PROBLEM REQUIREMENTS: Copy exactly the lines of the material below that fall between the line with "I really enjoyed" and the line with "Martinique - 30", both of those lines included; pictures stay out.
____ SUPPLIED DATA
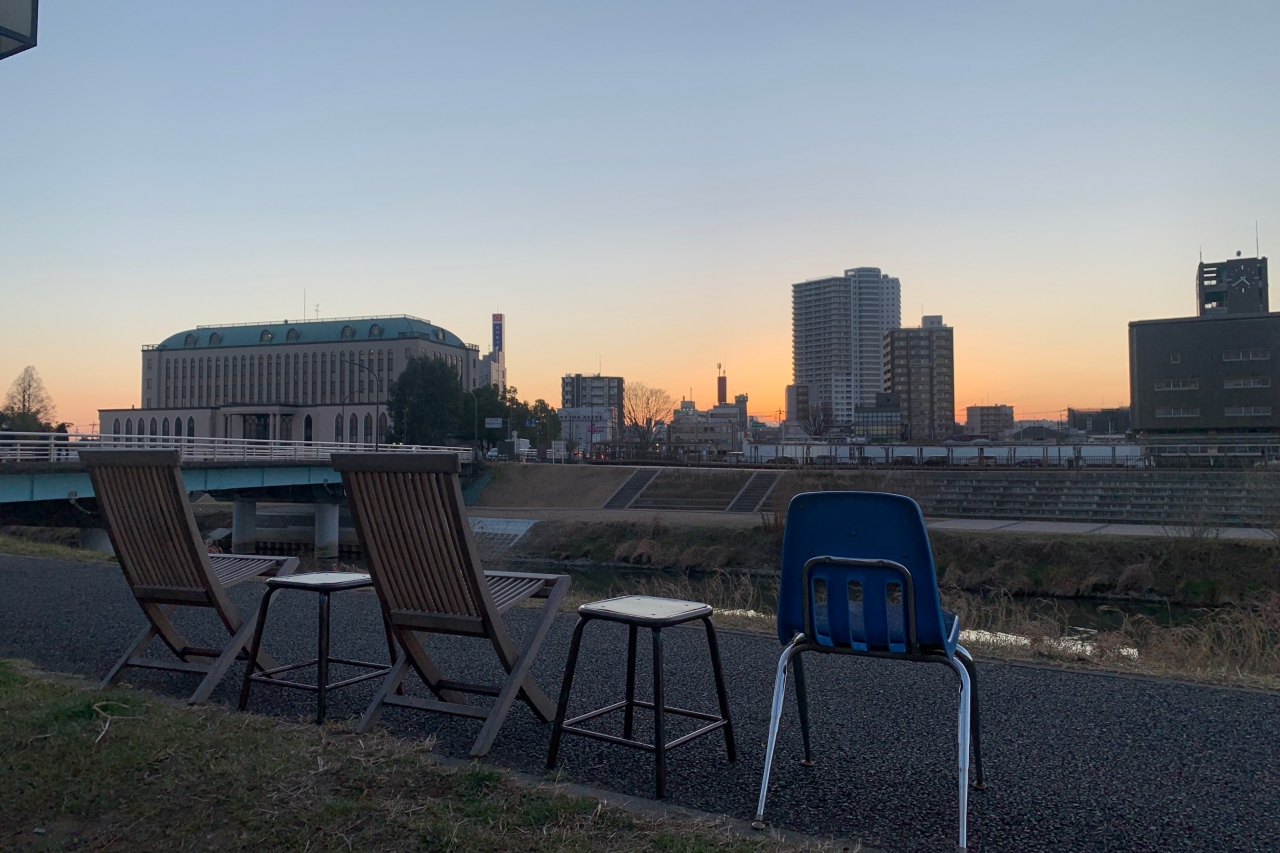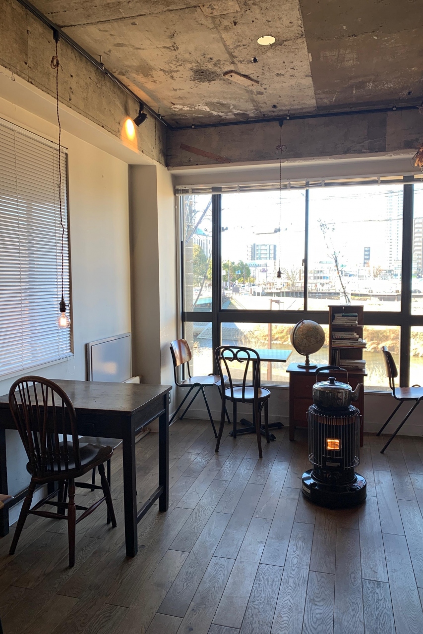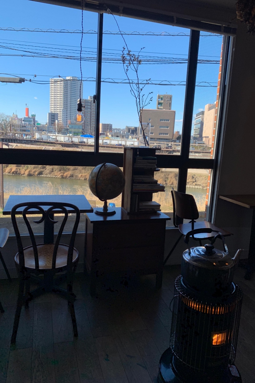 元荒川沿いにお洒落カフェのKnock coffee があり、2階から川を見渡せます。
________
____ SUPPLIED DATA
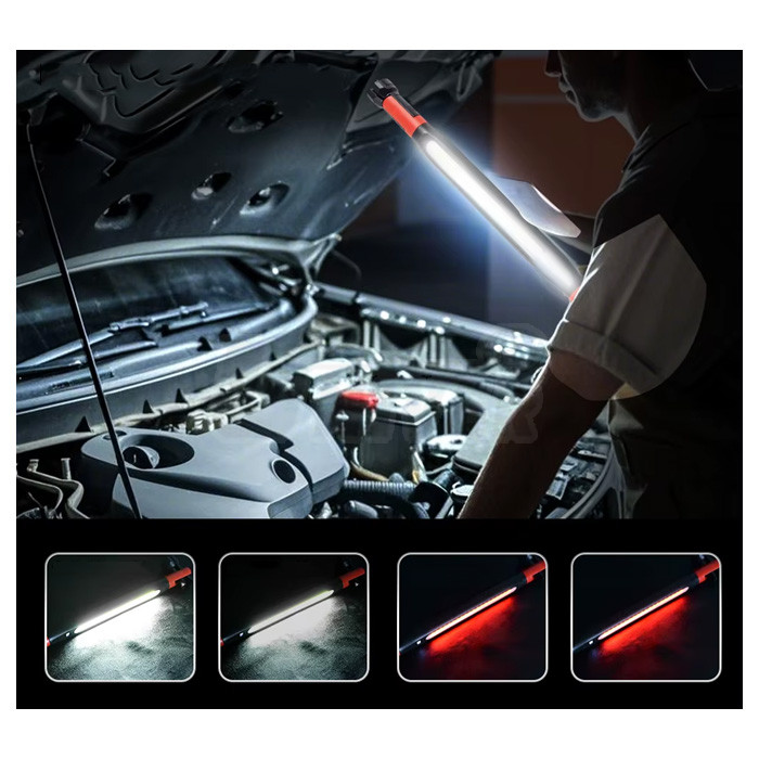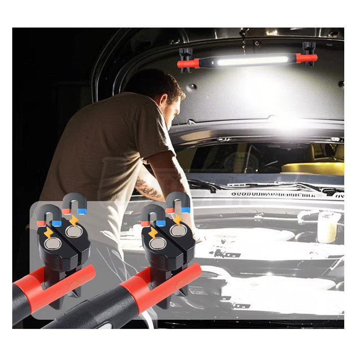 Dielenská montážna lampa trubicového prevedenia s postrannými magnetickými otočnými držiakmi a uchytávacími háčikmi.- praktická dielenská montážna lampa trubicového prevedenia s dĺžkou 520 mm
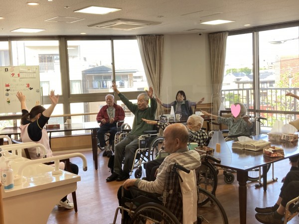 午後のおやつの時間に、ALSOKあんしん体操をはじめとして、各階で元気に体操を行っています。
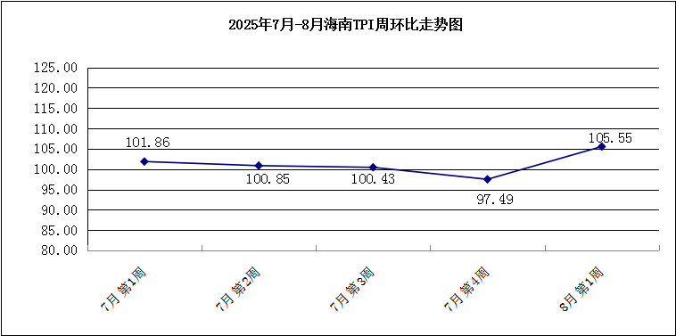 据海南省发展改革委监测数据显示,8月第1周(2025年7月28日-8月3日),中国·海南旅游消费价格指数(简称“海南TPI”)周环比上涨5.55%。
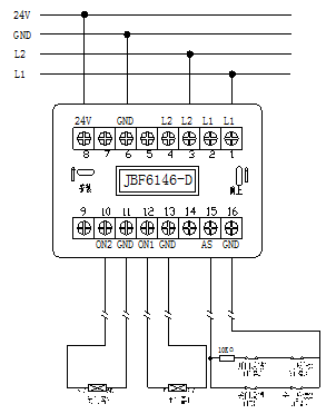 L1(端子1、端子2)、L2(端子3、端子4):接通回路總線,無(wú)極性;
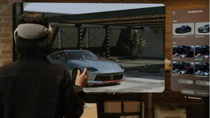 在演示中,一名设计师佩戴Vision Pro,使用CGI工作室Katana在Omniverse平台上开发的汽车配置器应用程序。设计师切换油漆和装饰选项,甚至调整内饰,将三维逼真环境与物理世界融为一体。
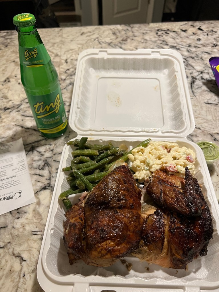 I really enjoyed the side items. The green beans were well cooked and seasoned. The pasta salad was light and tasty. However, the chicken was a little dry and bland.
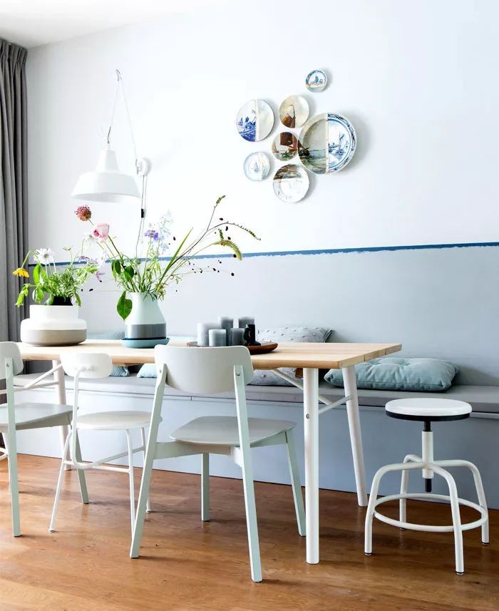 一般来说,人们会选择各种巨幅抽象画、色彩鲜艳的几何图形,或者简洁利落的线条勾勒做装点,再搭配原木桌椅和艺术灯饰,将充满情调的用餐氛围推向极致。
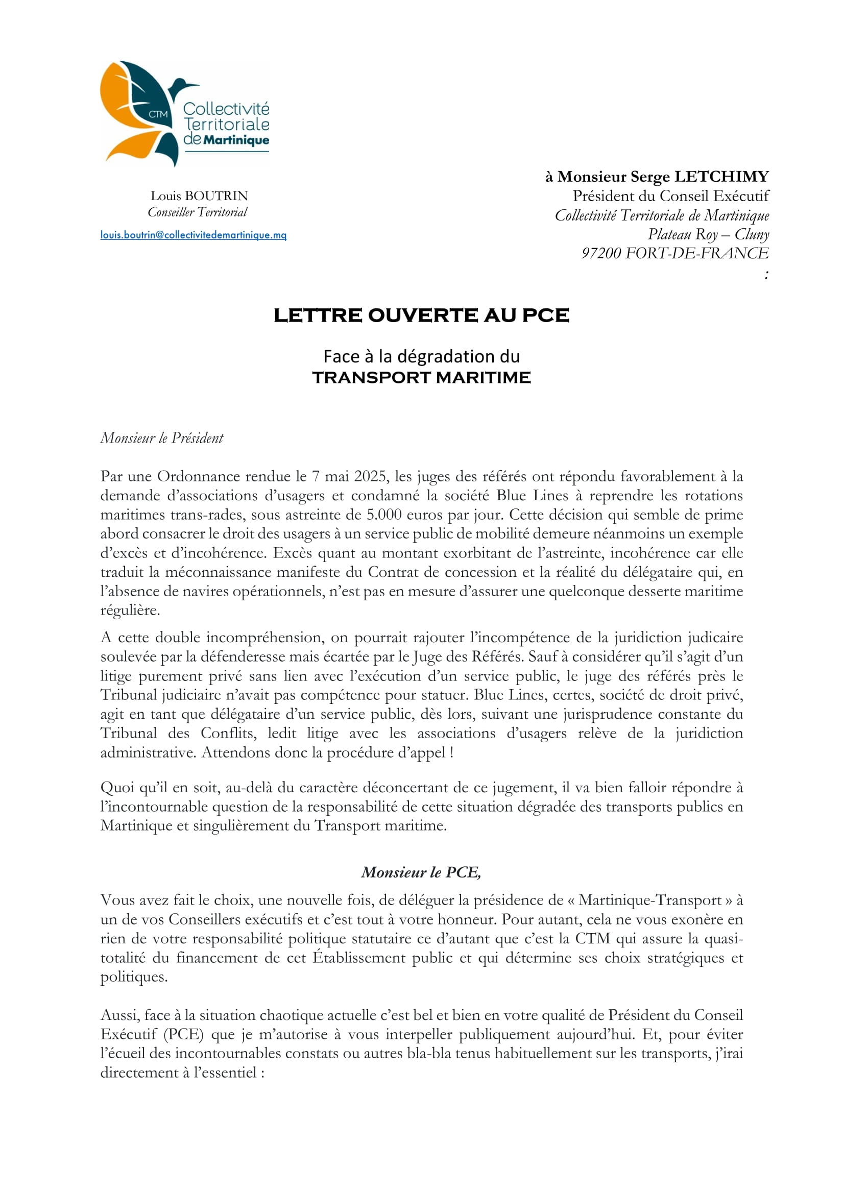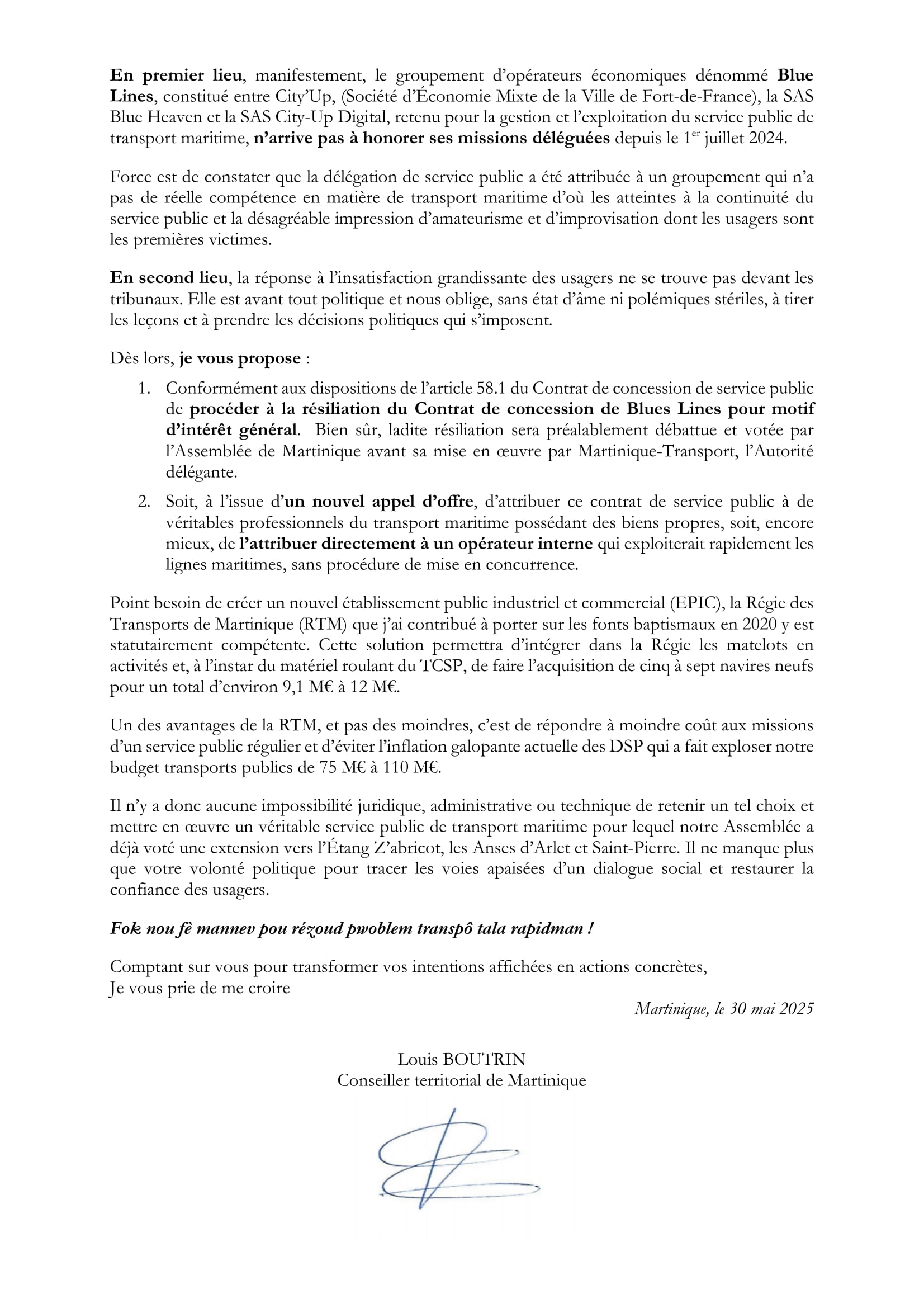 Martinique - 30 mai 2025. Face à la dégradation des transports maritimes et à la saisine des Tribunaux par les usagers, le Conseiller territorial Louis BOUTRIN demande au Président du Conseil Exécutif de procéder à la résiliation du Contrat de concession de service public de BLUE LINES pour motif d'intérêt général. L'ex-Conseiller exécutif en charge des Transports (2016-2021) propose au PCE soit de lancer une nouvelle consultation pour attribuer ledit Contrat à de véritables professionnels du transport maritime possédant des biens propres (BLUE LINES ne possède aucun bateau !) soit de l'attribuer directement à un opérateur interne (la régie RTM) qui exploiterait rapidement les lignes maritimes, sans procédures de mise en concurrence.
________
THE ANSWER:
 I really enjoyed the side items. The green beans were well cooked and seasoned. The pasta salad was light and tasty. However, the chicken was a little dry and bland.
 一般来说,人们会选择各种巨幅抽象画、色彩鲜艳的几何图形,或者简洁利落的线条勾勒做装点,再搭配原木桌椅和艺术灯饰,将充满情调的用餐氛围推向极致。
 Martinique - 30 mai 2025. Face à la dégradation des transports maritimes et à la saisine des Tribunaux par les usagers, le Conseiller territorial Louis BOUTRIN demande au Président du Conseil Exécutif de procéder à la résiliation du Contrat de concession de service public de BLUE LINES pour motif d'intérêt général. L'ex-Conseiller exécutif en charge des Transports (2016-2021) propose au PCE soit de lancer une nouvelle consultation pour attribuer ledit Contrat à de véritables professionnels du transport maritime possédant des biens propres (BLUE LINES ne possède aucun bateau !) soit de l'attribuer directement à un opérateur interne (la régie RTM) qui exploiterait rapidement les lignes maritimes, sans procédures de mise en concurrence.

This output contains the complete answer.